Source data >>
☆ ☆ ☆ ☆
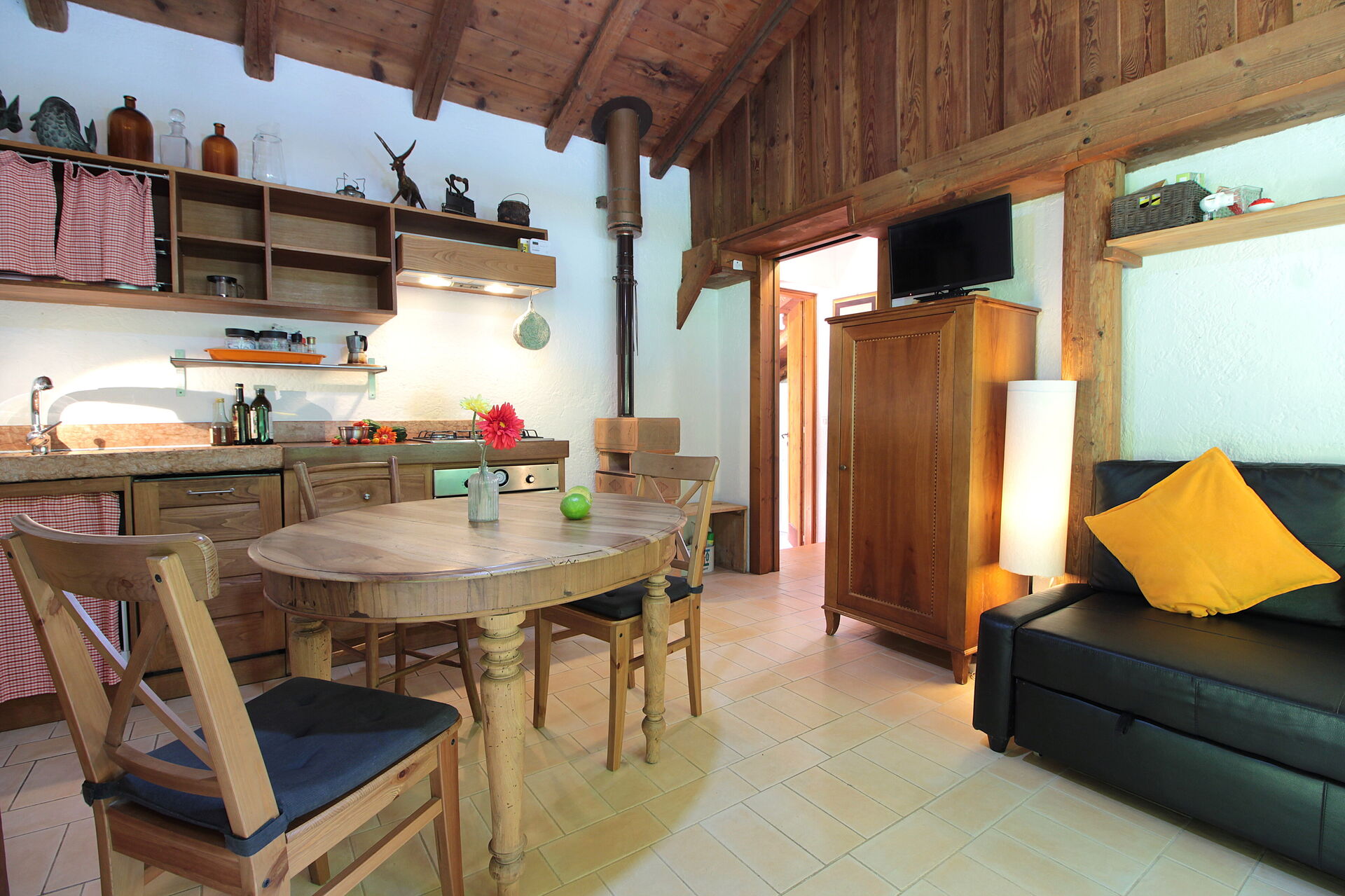 Wohnküche: gut ausgestattete Küche, Esstisch, Spülmaschine, Kühlschrank, Herd, Ofen, Italienische Kaffeemaschine, Doppel-Schlafsofa, WiFi Internet, TV.
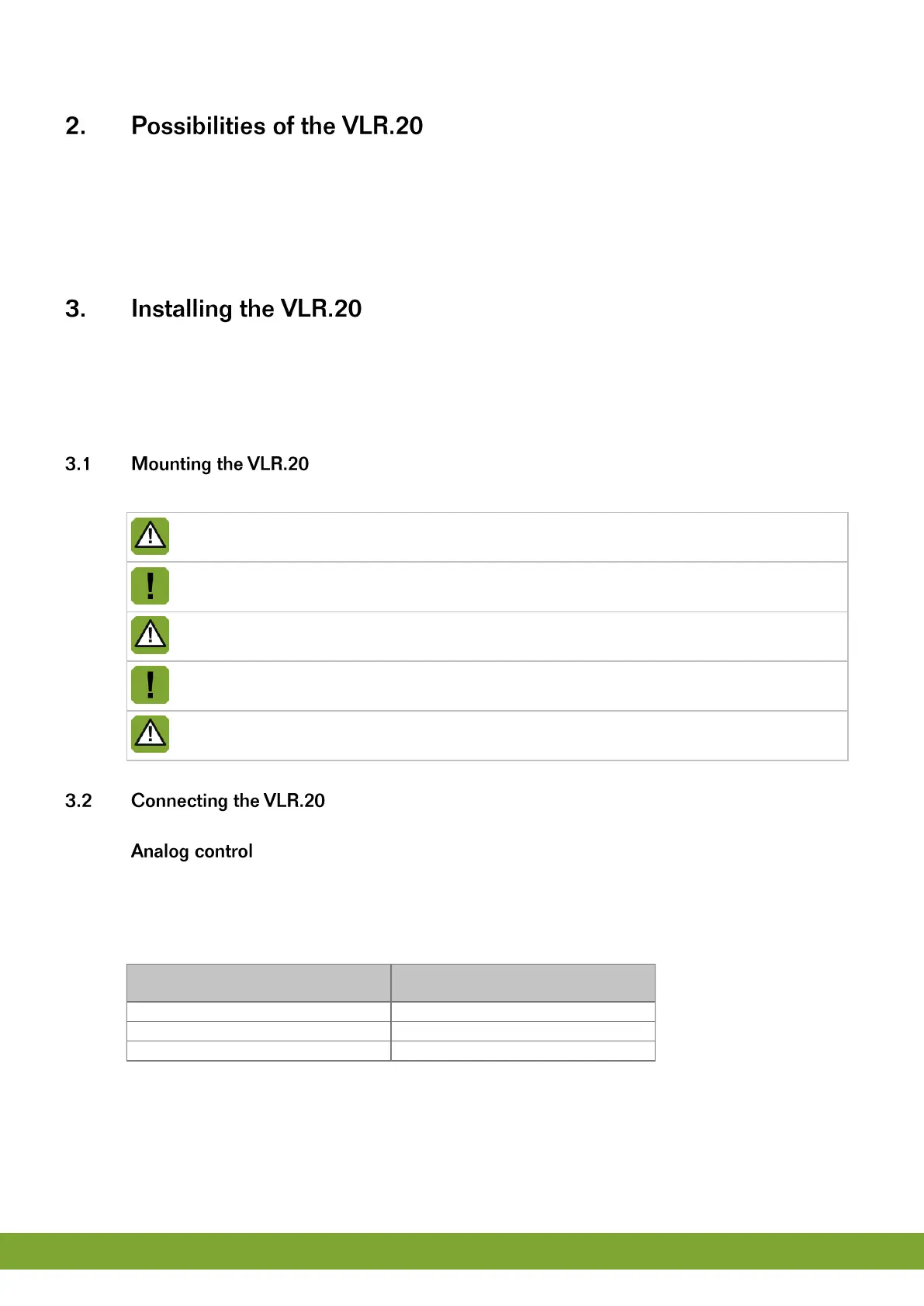 Never mount the VLR.20 in a room where animals are present because of the (manual) control.
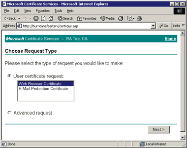 - На странице Choose Request Type (см. Экран 2) задается вопрос о типе запроса. Поскольку нам требуется сертификат для виртуального сервера и у нас имеется сохраненный запрос, следует выбрать Advanced request и щелкнуть Next. Список User certificate request предназначен для сертификации конечных пользователей.
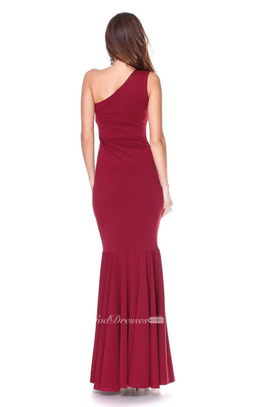 Crystal One Shoulder Jersey Mermaid Long Dress Pleated Skirt
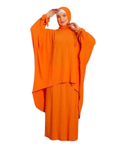 Generic - عباية برتقالية بأكمام واسعة، تصميم فضفاض، ملابس محتشمة للنساء
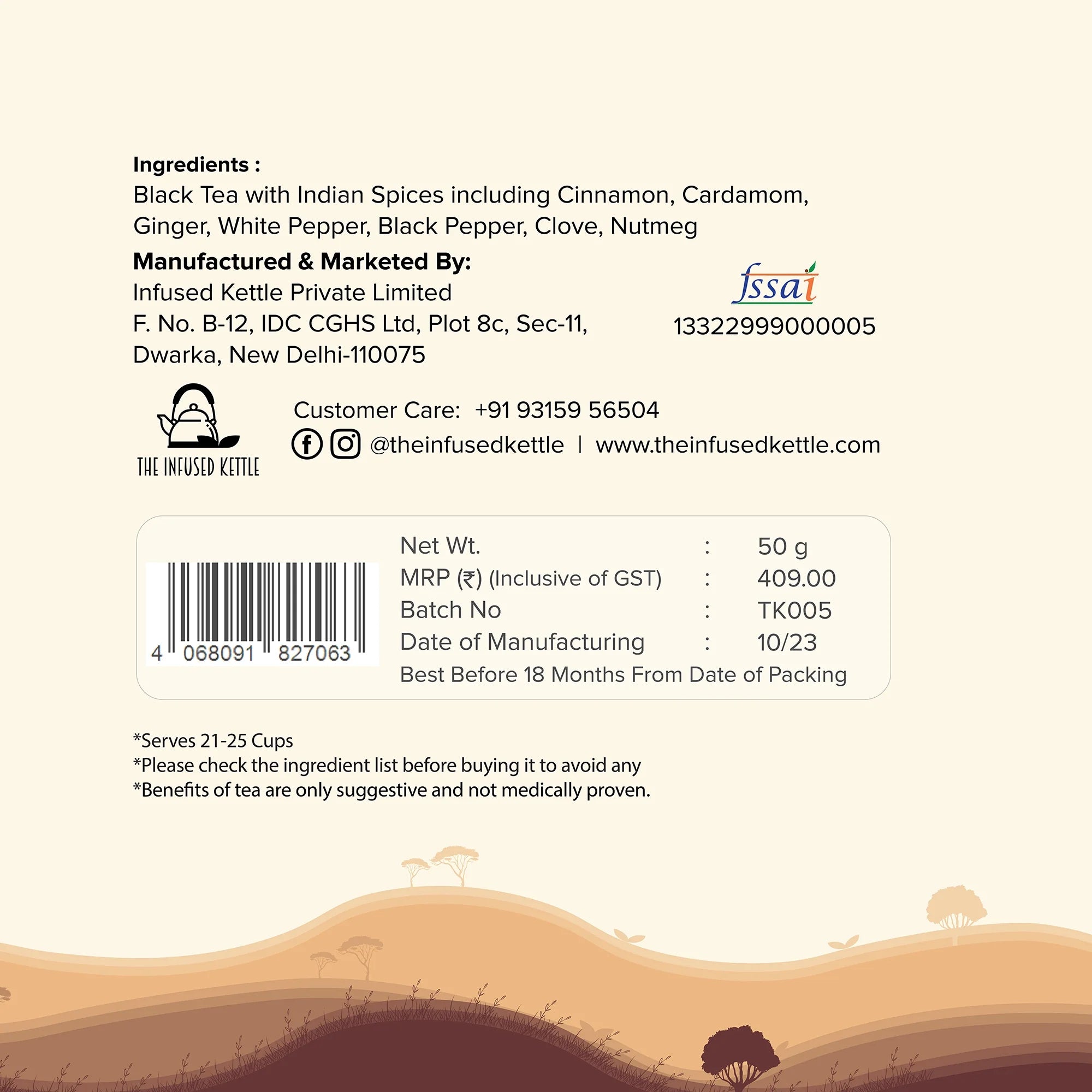 Our Masala tea contains black tea, which naturally contains caffeine for a refreshing and energizing experience.
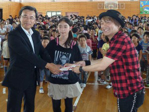 Singer Hironobu Kageyama (pictured here) visited an elementary school in Fukushima on June 14 to hand over the inventory list in a special ceremony.
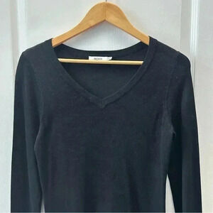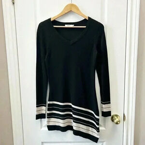 Ricki’s Tunic Sweater Asymmetrical Hem V Neckline Black Tan Stripes Size XS
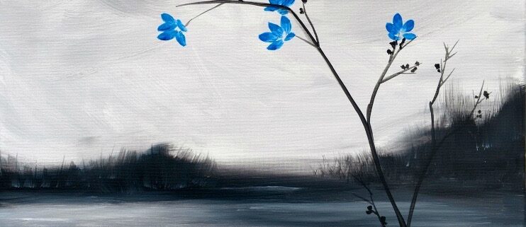 Join us at the Wine & Canvas Studio for Winter Flowers, a serene Paint & Sip Party inspired by the beauty of resilience in winter. This calming design features delicate blue blossoms reaching from bare branches over a quiet, icy landscape beneath a soft gray sky.
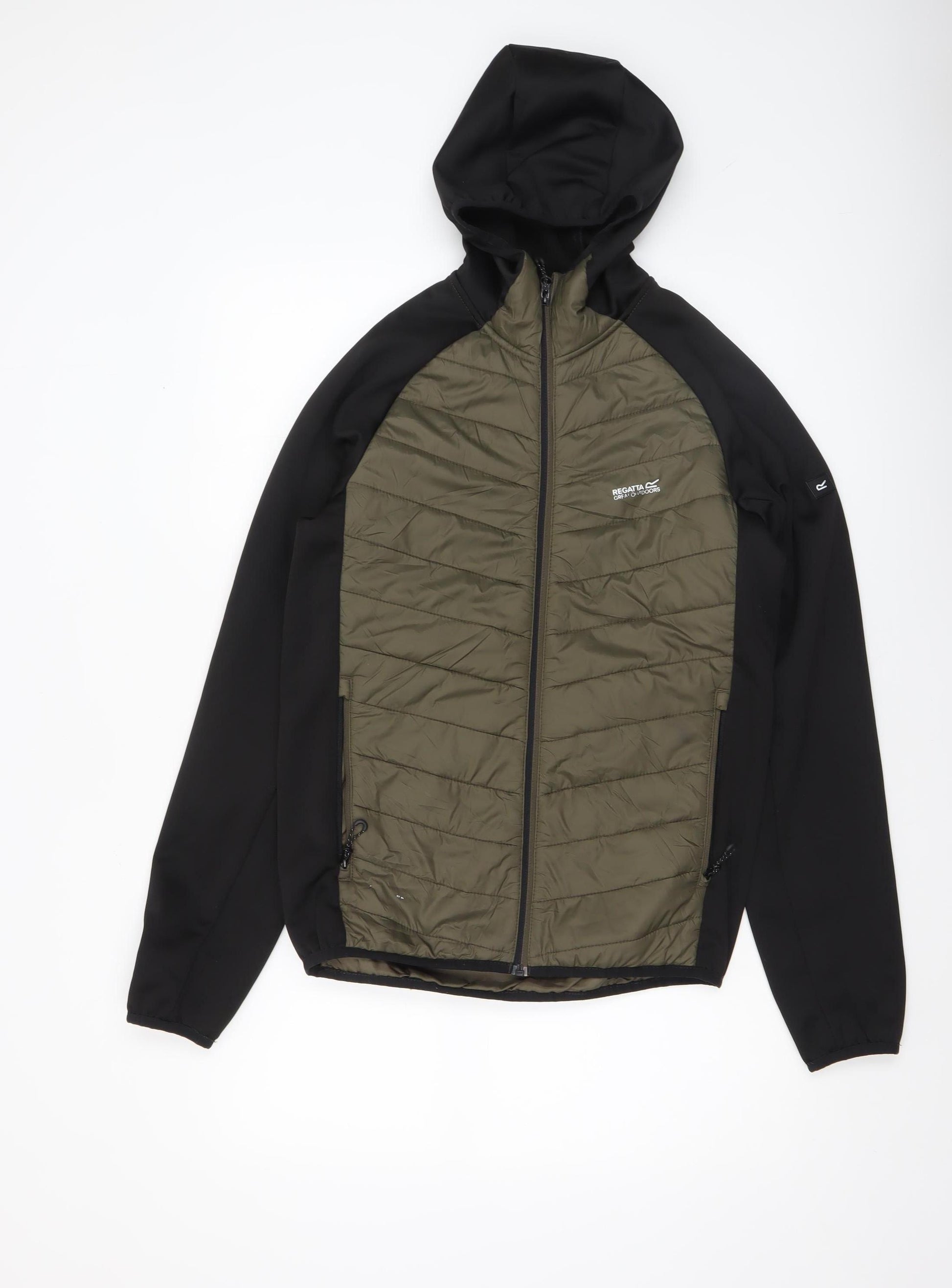 Stay ready for the outdoors with this Regatta men's softshell jacket, perfect for layering during cooler days. Designed for functionality and versatility, this piece combines durable polyamide and polyester fabrics with a flexible elastane blend, giving you dependable protection and freedom of movement. The two-tone colour scheme with olive green panels and black sleeves offers a practical yet stylish look suited for hiking, walking, travelling, or everyday casual wear. The jacket’s softshell style ensures light insulation and resistance against wind, while the padded front panels provide extra comfort and warmth without added bulk. The full zip front closure makes it easy to wear, and the hood gives added protection from unexpected weather. Two zipped pockets at the front are ideal for keeping essentials safe and within reach. Made from high-quality Regatta outdoor performance materials, the soft yet durable construction guarantees lasting use. Its lined interior enhances warmth, while the water-resistant and windproof outer maintains comfort while moving outdoors. Machine washable for easy care, this jacket is a reliable, low-maintenance piece every man needs in his wardrobe. In excellent used condition with no visible damage or marks, it retains a fresh and clean appearance with minimal signs of wear. Whether you’re exploring outdoors, commuting, or simply out for a weekend stroll, this Regatta Softshell Jacket is built for practicality and style. A dependable layer that delivers comfort and function, this men’s size S jacket is perfectly suited for autumn, spring, or mild winter seasons—a must-have for those who value performance without compromising everyday style.
☆ ☆ ☆ ☆
Work order >>
Without the pictures, reproduce the entries exactly.

Solution >>
 Wohnküche: gut ausgestattete Küche, Esstisch, Spülmaschine, Kühlschrank, Herd, Ofen, Italienische Kaffeemaschine, Doppel-Schlafsofa, WiFi Internet, TV.
 Never mount the VLR.20 in a room where animals are present because of the (manual) control.
 - На странице Choose Request Type (см. Экран 2) задается вопрос о типе запроса. Поскольку нам требуется сертификат для виртуального сервера и у нас имеется сохраненный запрос, следует выбрать Advanced request и щелкнуть Next. Список User certificate request предназначен для сертификации конечных пользователей.
 Crystal One Shoulder Jersey Mermaid Long Dress Pleated Skirt
 Generic - عباية برتقالية بأكمام واسعة، تصميم فضفاض، ملابس محتشمة للنساء
 Our Masala tea contains black tea, which naturally contains caffeine for a refreshing and energizing experience.
 Singer Hironobu Kageyama (pictured here) visited an elementary school in Fukushima on June 14 to hand over the inventory list in a special ceremony.
 Ricki’s Tunic Sweater Asymmetrical Hem V Neckline Black Tan Stripes Size XS
 Join us at the Wine & Canvas Studio for Winter Flowers, a serene Paint & Sip Party inspired by the beauty of resilience in winter. This calming design features delicate blue blossoms reaching from bare branches over a quiet, icy landscape beneath a soft gray sky.
 Stay ready for the outdoors with this Regatta men's softshell jacket, perfect for layering during cooler days. Designed for functionality and versatility, this piece combines durable polyamide and polyester fabrics with a flexible elastane blend, giving you dependable protection and freedom of movement. The two-tone colour scheme with olive green panels and black sleeves offers a practical yet stylish look suited for hiking, walking, travelling, or everyday casual wear. The jacket’s softshell style ensures light insulation and resistance against wind, while the padded front panels provide extra comfort and warmth without added bulk. The full zip front closure makes it easy to wear, and the hood gives added protection from unexpected weather. Two zipped pockets at the front are ideal for keeping essentials safe and within reach. Made from high-quality Regatta outdoor performance materials, the soft yet durable construction guarantees lasting use. Its lined interior enhances warmth, while the water-resistant and windproof outer maintains comfort while moving outdoors. Machine washable for easy care, this jacket is a reliable, low-maintenance piece every man needs in his wardrobe. In excellent used condition with no visible damage or marks, it retains a fresh and clean appearance with minimal signs of wear. Whether you’re exploring outdoors, commuting, or simply out for a weekend stroll, this Regatta Softshell Jacket is built for practicality and style. A dependable layer that delivers comfort and function, this men’s size S jacket is perfectly suited for autumn, spring, or mild winter seasons—a must-have for those who value performance without compromising everyday style.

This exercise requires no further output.